There are a number of computer implementations of OT that are relevant for the present discussion, most of which can be found in the field of OT phonology, modeling how the optimal surface form is chosen for a given underlying form (Tesar, 1994, 1995, 1996; Ellison, 1994; Frank & Satta, 1998). Some of these OT models are implemented in an explicit generateand-test fashion, so without a neural network layer, and may suffer from the ‘decidability problem’, as argued by Kuhn (2002). This problem refers to the impossibility of deciding whether a given string is part of the language generated by the grammar, and is due to the (near to) infinite number of candidates that must actually be generated in this kind of computer implementation. The decidability problem can be solved, for practical purposes, by introducing extra conditions on how the constraints are evaluated (see Kuhn, 2002, for details). According to Kuhn, the decidability problem does not arise when optimizing from a given form to its optimal meaning, as in our present proposal, or in bidirectional optimization (Kuhn, 2001, Ch. 6).

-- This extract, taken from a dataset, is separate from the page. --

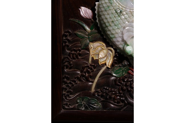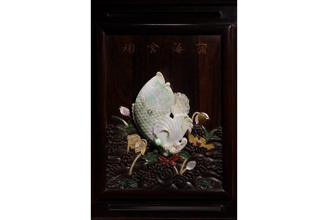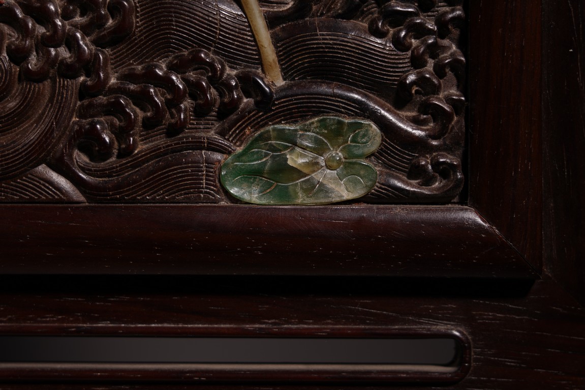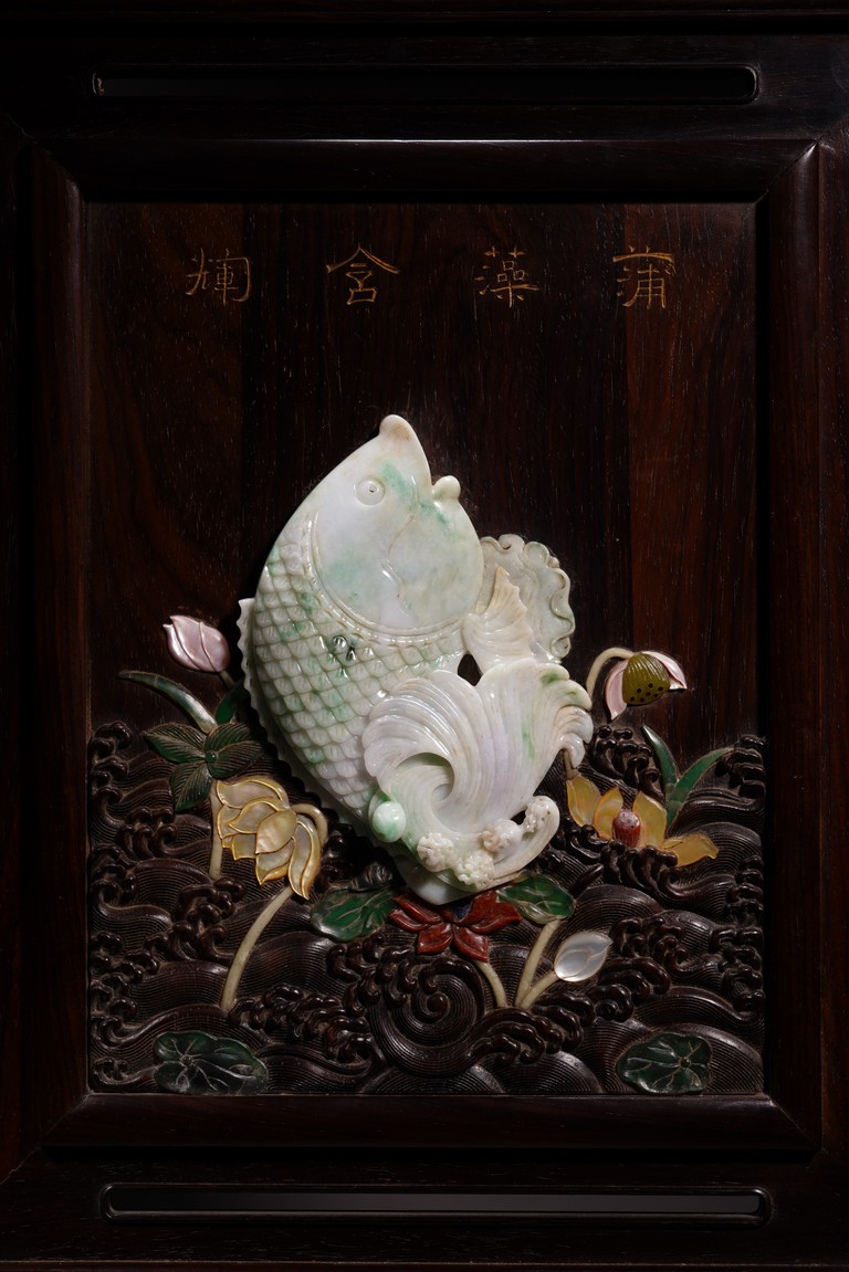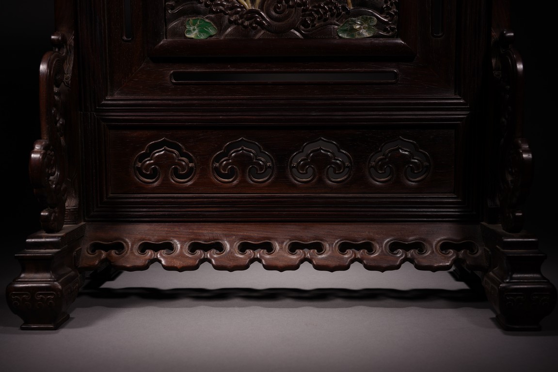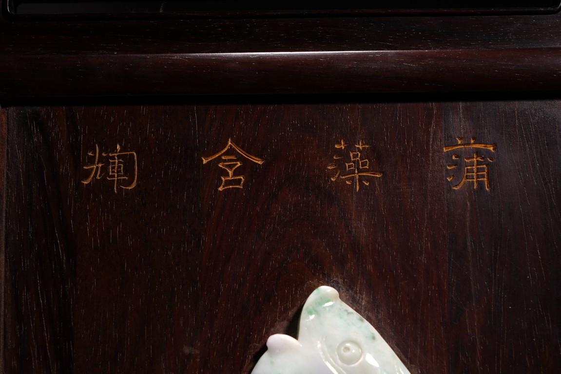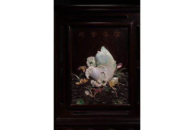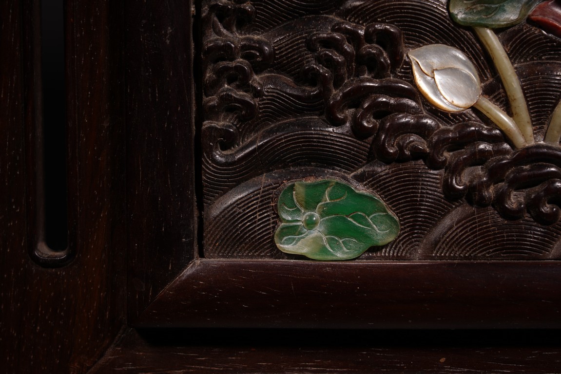 以紅木為材,制器形碩大的插屏,一面屏心為鯉魚、蓮花、荷葉及波浪紋等,紋飾以翡翠、南紅、鏍鈿鑲嵌,屏心正面上部刻“蒲藻含輝”四字,背面刻詩一首。整體製作精湛,細節刻畫精緻細膩,逼真靈動,栩栩如生,一絲不苟。

In a different vein, the problems that ‘infinite candidates’ pose for computational models has been circumvented by Misker and Anderson (2003), who implemented OT in ACT-R, a hybrid connectionist/symbolic production-system-based architecture. They modeled the GEN function as finding analogies between the current input and previous inputs, determining the transformation that alters the analog input into its output, and then applying this transformation to the current input, in order to obtain a new output. The candidate set is never represented entirely, only the best candidate so far is stored. A competing candidate is generated and compared with the current best. Under this approach, only two candidates are active at any given time.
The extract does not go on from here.